This pub’s name recalls one of East Grinstead’s former inns and the coat of arms of the Sackville family. The closure of the Dorset’s Head allowed the Cat inn, also on High Street, to change its name to the Dorset Arms. The Cat had been called The Ounce & Ivy Bush, an ounce being a wild cat species and an ivy bush a symbol denoting a high-class inn. Robert Sackville, Second Earl of Dorset, founded Sackville College almshouses, on High Street, in 1605. The college is East Grinstead’s most important historic building.
Prints and text about The Ounce & Ivy Bush.

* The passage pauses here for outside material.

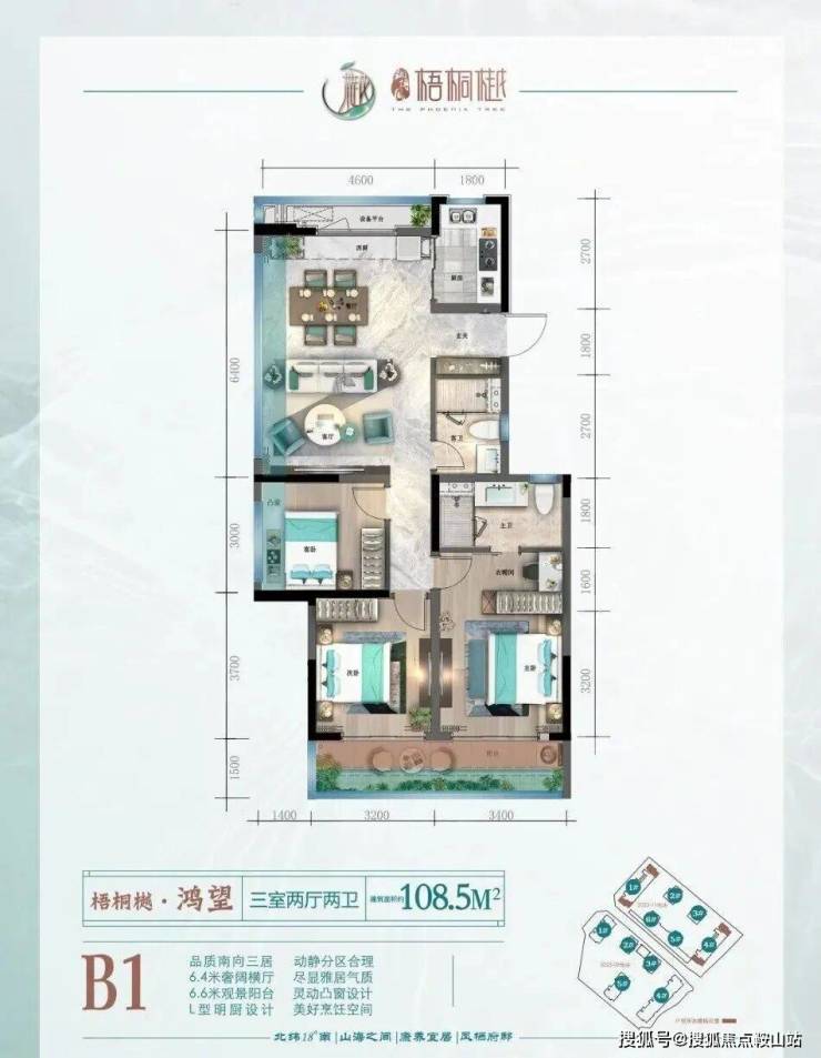 建面约108-133m三房/四房,慢享山海之间宜居康养度假生活,室内空间由HPID堂朝天意高端设计。

The text reads: The site of The Atrium leisure centre, and the Wetherspoon premises that you are now in, were previously occupied by the Radio Centre cinema. Built in the Art Deco style of the day, the Radio Centre opened in 1936. Cinemagoers then had the choice of three cinemas, until the Solarius burned down in 1940.
The 1,200 seat cinema was the focal point of the newly laid out King Street, and was named after the famous New York music hall Radio City. The first film show at the Radio Centre featured Jack Hulbert’s Jack of all Trades.
The Radio Centre was renamed The Classic in 1966, and two more screens and a bingo hall were added in the early 1970s.
The Classic showed its last film in 1989, and the building was demolished the following year.
Prints of the Radio Centre’s auditorium, in 1936.